7月23日(水)。午後から外出。有楽町の出光美術館で「没後50年 ルオー大回顧展」を観る。今回の展示は初期から晩年まで網羅されていたが、どちらかといえば「受難」(右図)、「ミゼーレ」の両シリーズが中心で、あの鉱物のように輝くマチエールの(中期の)点数はあまり多くはなかった。

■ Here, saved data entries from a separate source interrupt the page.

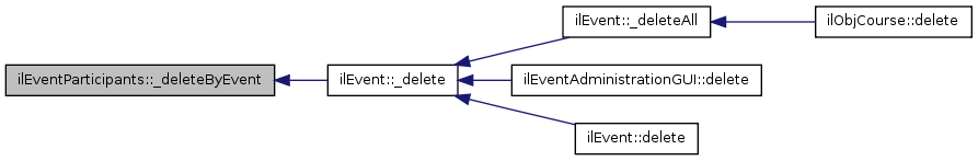 Here is the caller graph for this function:| ilEventParticipants::_deleteByEvent | ( | $ | a_event_id | ) |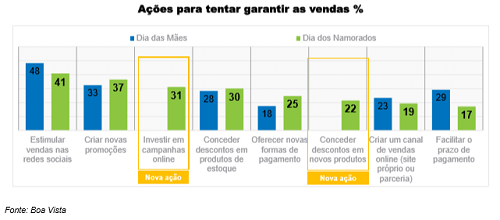 De acordo com a pesquisa da Boa Vista, 35% das MPMEs vão realizar alguma ação on-line para alavancar as vendas para o Dia dos Namorados, percentual menor em relação ao Dia das Mães (41%).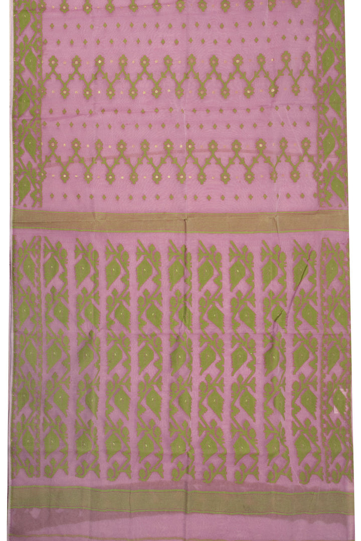 Mauve Handloom Jamdani Style Cotton Saree with Blouse 10074218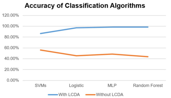 The accuracies are 86.36%, 96.97%, 98.48%, and 98.48% using SVMs, logistic, and MLP, random forest, respectively. The MLP and random forests achieve the highest level of accuracy (Figure 6).
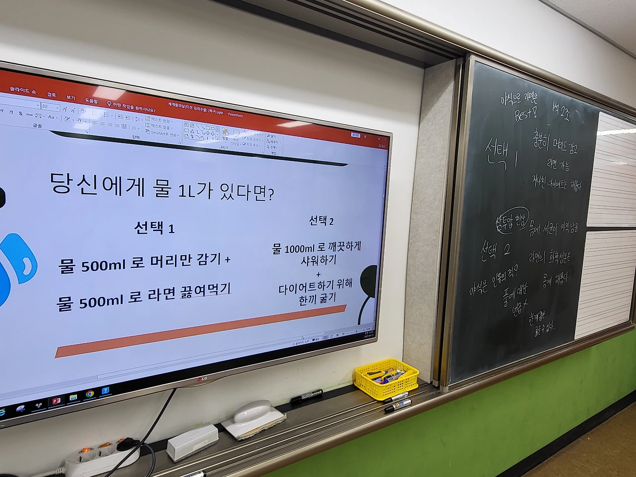이 수업은 학생들에게 다소 어려운 개념을 소개하는 것이기에 먼저 학생들에게 흥미를 유발할 수 있는 '밸런스 게임'을 도입하기로 했다. 주어진 주제는 '만약 여러분에게 물 1L가 있다면, 당신의 선택은 A인가 또는 B인가?'이다. 선택 A는 '물 500ml로 라면 끓여 먹기 + 물 500ml로 머리만 감기'이고 선택 B는 '물 1000ml로 샤워하기 + 한 끼 굶기'이다. 이 과정에서 중요한 기준이 하나가 있다. 바로 1대 1로 토론을 통해 상대방을 설득시키는 것이다. 이는 유대인들이 즐겨했던 '하브루타 양식'의 토의, 토론 방식을 차용했다. 학생들은 온전히 자신의 생각을 말로 자유롭게 표현하고 이를 통해 논리적으로 상대방을 설득하는 방법을 체득할 수 있다.

実はどうしてこの美術館にルオーが所蔵されているのか、前から疑問に思っていたのだが、今回やっとその理由がわかった。ある(日本の)画商が連作「受難」を日本に持ち込み、1976年に展覧会が開催された。その際、このルオー後期の代表作をそのまま日本に残そうという気運が盛り上がり、かなり大物の文化人・財界人などが動いたようだ。岩波書店から豪華本も出版されており、当時のこの熱狂振りは今から考えると若干不思議にも思える。だが運動の熱心さに反して、受け入れ先の方はなかなか決まらなかったようだ。最後に晩年の佐三翁のところに持ち込まれ、ようやく日本に残ることとなったのだそうだ。
その後、美術館ではこの「受難」以外にも充実を図り、今では400点を数える世界最大の規模になっているそうだ。所蔵する必然性は、仙崖をはじめとする日本美術の方が高いとは思うが、大変立派なコレクションであることは言うまでもない。印象派やエコール・ド・パリなどに広げず、ルオーに絞ったところは、素晴らしいの一言だ。(サム・フランシスのコレクションもあるが、こちらにもまた別の動機・事情があるのだろう)

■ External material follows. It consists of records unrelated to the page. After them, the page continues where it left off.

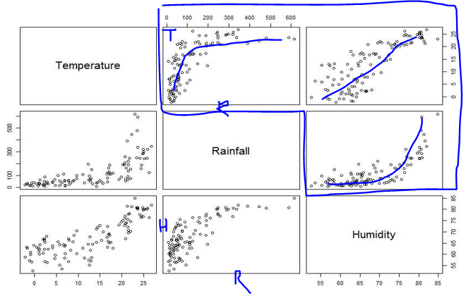 변수명을 중심으로 상하의 그림은 해당변수가 x축, 좌우의 그림은 y축임을 의미합니다.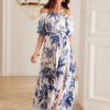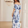 The Mia dress is the essence of summer style and feminine charm, created with natural materials lovers, comfort and romantic accents in mind. It will be perfect for both everyday wear and more special occasions. Made from 100% lightweight, breathable viscose, it guarantees comfort even in the hottest weather. The material softly drapes on the silhouette, does not restrict movement, and allows the skin to breathe freely. Thanks to this, the dress combines functionality with subtle elegance and looks exceptionally noble. One of the most characteristic elements of this model is the Spanish neckline, which sensually reveals the shoulders and beautifully highlights the neckline and collarbones. Short sleeves gently complement the top of the dress, creating a harmonious and comfortable whole. The floor-length adds elegance to the styling, and the high slit in the skirt adds lightness and notes of feminine charm, visually elongating the legs. There is a fabric belt at the waist, allowing for adjustment of the circumference and subtle shaping of the silhouette, regardless of the body type. Each piece has been designed and sewn in Poland, with attention to detail and quality of workmanship.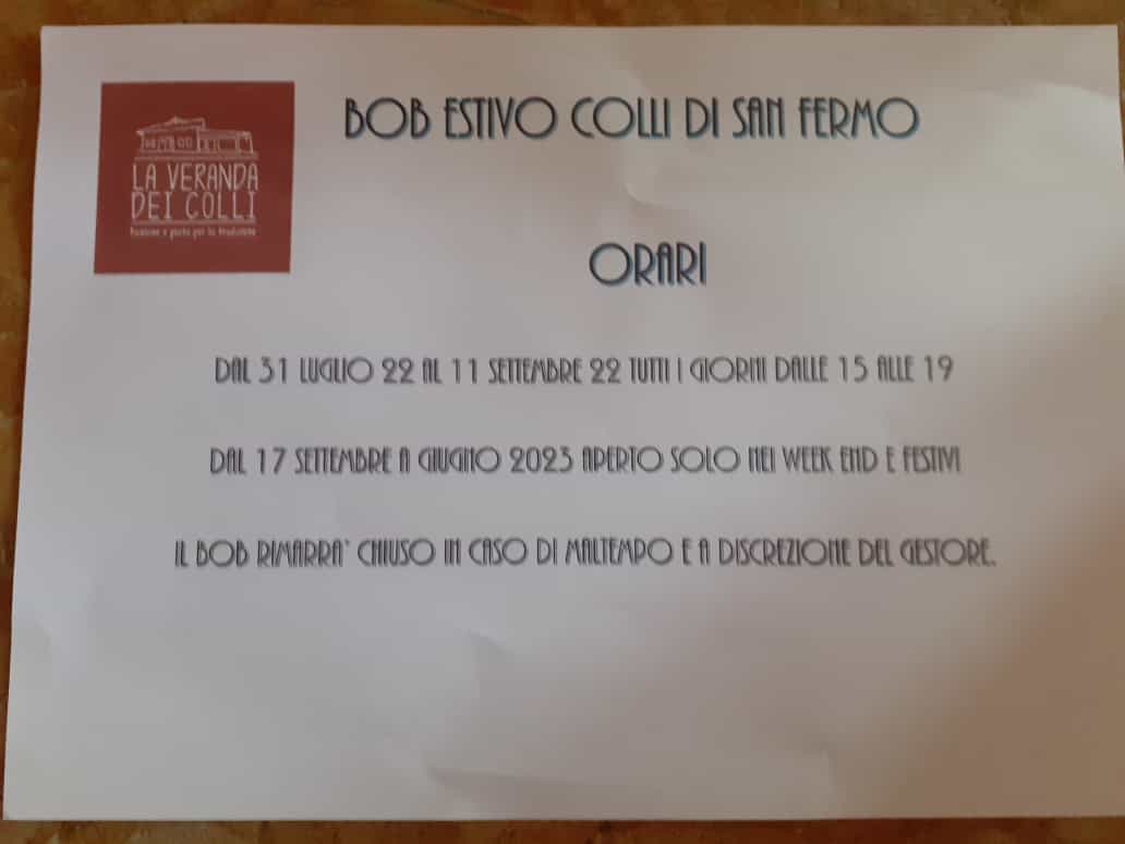 Il nuovo gestore "La veranda dei colli" è lieto di informare la nuova apertura stagionale del bob estivo, dal 30 luglio 2022 e la fruibilità del servizio nel weekend e festivi nel resto dell'anno.

夕方から銀座の某ビアホールで知り合いの画商Mさんと暑気払い。観てきたばかりのルオー展のこと、昔池袋にあった美術館のこと、瀧口修造のことなど、なかなか楽しいひとときだった。気持ちよく飲み、気持ちよく酔う。家に着くなり、シャワーを浴びて、そのまま早めに寝る。

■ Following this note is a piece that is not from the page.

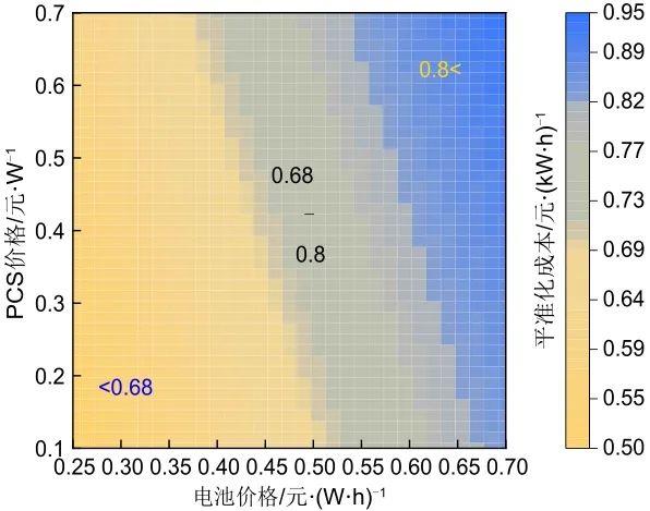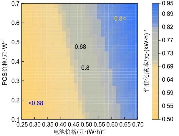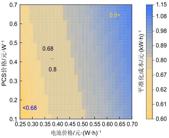 圖7 2500次循環(huán)壽命下平準(zhǔn)化成本

夜中、変な揺れを感じ、寝ぼけ眼で起き上がると、地震だった。岩手には知人も暮らしているのだが、大丈夫だろうか。テレビを点け、しばらくニュースを見る。

7月24日(木)。飲みすぎて、逆によく眠れなかったようだ。夜中、何度か眠っては眼が覚めてしまった。起きたのはいつもより遅めの7時過ぎだが、二日酔いで気分が優れない。朝から水を大量に飲む。昼ごろにようやく気分も快復する。
土用丑の日なので、夕食に鰻を食べることにして、バスで海岸近くの街まで出かける。このあたりは横浜市の最南端で、その昔は鎌倉幕府の港もあった要衝だ。明治の頃には風光明媚な別荘地として賑わい、元勲たちが明治憲法の草案を練った料亭などもあったはずだ。この比較的小さな街に鰻屋が3軒もある。その中の一番バス停に近い1軒に入る。
店の前にお土産用の蒲焼の臨時売り場がしつらえてある。周囲に打ち水がしてあるのが涼しい。ちょうど夕食時の客が来る前の時間帯を狙って行ったので、すぐに座れ、お茶を持ってくるのと同時にサービスの骨せんべいが出てくる。となると、やはりアルコールを飲まないわけにはいかない。明治の文豪と同じ名前の地ビール醸造所が「鰻には黒ビール」と売り込んでいるらしいので、それを選ぶ。
ちょうどビールを飲みきった頃に鰻重が運ばれてきた。鰻自体は贔屓にしていた千歳烏山の店の方がふっくらしていると思うが、こちらも身がしっかりしていて、悪くは無い。ご飯はつややか。きも吸、漬物もしっかりしている。値段もそこそこリーズナブルだ。満足、満足。